Manca ancora il ministro con delega allo sport, mentre vengono rinviati i decreti attuativi della Riforma dello sport appena approvata. Le federazioni contro tre delle cinque norme che regolano lo sport e la politica attacca Malago’.
È questo il quadro che si è delineato in questi ultimi giorni per lo sport italiano. Un vero e proprio caos nei confronti del quale non si capisce ancora la posizione del Presidente del Consiglio Draghi. Ieri il Consiglio dei ministri ha approvato cinque decreti della Riforma dello sport voluta fortemente dall’ex ministro Spadafora, che sembra ancora in testa per un eventuale continuazione del suo mandato. Decreti approvati di urgenza in quanto sarebbero scaduti domenica 28 febbraio. Tra gli argomenti trattati ci sono le tutele per i lavoratori sportivi, l’incentivazione del professionismo femminile, l’abolizione del vincolo, l’apertura per i paralimpici nei gruppi militari, la sicurezza sulle piste da sci, i nuovi regolamenti per l’impiantistica sportiva. Ma è il decreto relativo alle tutele per i lavoratori dello sport quello che suscita più polemiche, scopriamo perché. Il decreto obbliga le società sportive ad assumere regolarmente i lavoratori sportivi, con relativi contributi a carico della società. Questo andrebbe a gravare ulteriormente il peso economico a carico delle società sportive, già in grave crisi a causa della pandemia. I presidenti di Figc, Basket e pallavolo hanno scritto a Draghi, chiedendo di rinviare tutto. A loro dire bisogna trovare il modo di tutelare i lavoratori ma anche le società sportive ed i gestori degli impianti. Super contestata anche la norma che abolisce il vincolo sportivo.

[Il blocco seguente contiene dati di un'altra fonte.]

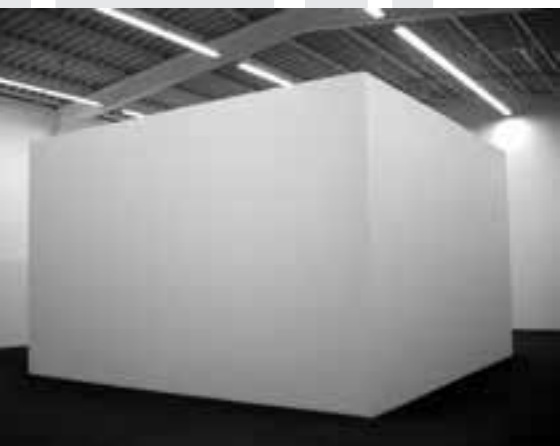
Bruce Nauman, Sealed Room – no access (1970) Hamburger Bahnhof / fot. Monika Kozień.

Także Bruce Nauman tworzył swoje niepokojące minimalistyczne instalacje na przykład konieczności zaspakajania zmysłów odbiorcy. Są to różnej wielkości kuby broniące ukrytej w nich tajemnicy, tak jak Sealed Room – no access z 1970 roku, do którego nie ma wejścia. O istnieniu niedostępnego wnętrza informuje dobywający się zza ścian jednostajny dźwięk poruszającego się powietrza. Wizualne doświadczenie jest nieosiągalne, rutynowy proces poznawania został naruszony. O ile widz poskromi rosnącą w nim irytację i uruchomi wyobraźnię, być może uda mu się odczuć niematerialnie istnienie wnętrza. Podobne uczucie wykluczenia u odbiorcy wywołuje inna, powstała dwa lata wcześniej, praca Naumana zatytułowana Concrete Tape Recorder Piece . Płaski prostopadłościenny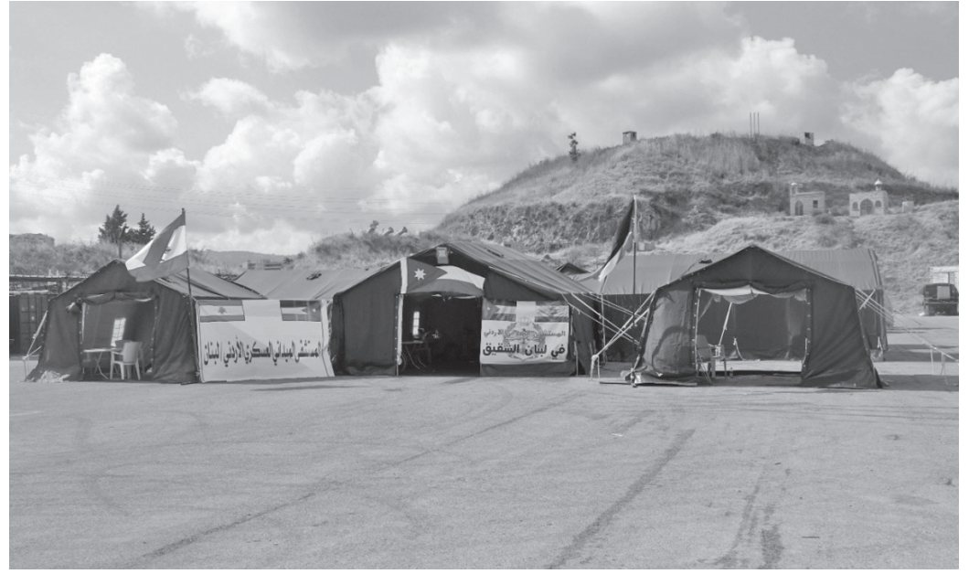
الانباط-عمان بدأ المستشفى الميداني الأردني في العاصمة

لهم، ضمن المساهمة في الجهود الإغاثية والطبية بعد الانفجار الذي وقع في مرفأ بيروت. وقال مدير المستشفى: إن الطواقم بدأت فور وصولها بتحضير وتهيئة المرافق والأجهزة والمعدات الطبية المعدة لاستقبال الجرحى وتقديم أفضل الخدمات الطبية والعلاجية لهم. والمستشفى الذي جُهز بالطواقم الطبية اللازمة كافة لإجراء العمليات الصغرى والكبرى، يشمل على 48 سريراً، و10 أسرة (ICU)، وغرفتي عمليات يشرف عليها طواقم طبية وتمريضية وصيدلانية وفنية وإدارية متخصصة. من جهتهم، عبّر الأشقاء اللبنانيون عن شكرهم وتقديرهم للأردن؛ قيادةً وحكومةً وشعباً على هذه اللفتة الإنسانية النبيلة والمساهمة في تقديم الخدمات الطبية والعلاجية لهم. وكان جلالة الملك عبدالله الثاني، القائد الأعلى للقوات المسلحة، وجه رئيس هيئة الأركان المشتركة، إلى تجهيز مستشفى عسكري ميداني لإرساله إلى جمهورية لبنان، من منطلق الرسالة الإنسانية التي يحملها الجيش العربي.

Altro nodo il Decreto Coni.Il decreto è in Commissione al Senato e sembrava filare via liscio. Fino a due giorni fa quando alcuni senatori pentastellati (De Lucia, Montevecchi, Russo e Vanin) hanno presentato un pacchetto di emendamenti che di nuovo (ci avevano già provato nell’ambito di un precedente provvedimento senza riuscirci) blocca la strada a Malagò. “Il presidente e gli altri componenti della Giunta nazionale del Coni restano in carica quattro anni e non possono svolgere più di tre mandati, di cui soltanto due consecutivi. I componenti che assumono le funzioni nel corso del quadriennio restano in carica fino alla scadenza degli organi, svolgendo, comunque, un mandato pieno”. A scanso di equivoci si precisa che “la disposizione riguarda il presidente e gli altri componenti della Giunta nazionale che hanno ricoperto tali cariche anche nel periodo immediatamente antecedente alla data di entrata in vigore della legge di conversione del presente decreto legge”. Un divieto valido retroattivamente. Tale da impedire di fatto una nuova candidatura di Malagò visto che il mandato in scadenza quest’anno è il secondo consecutivo.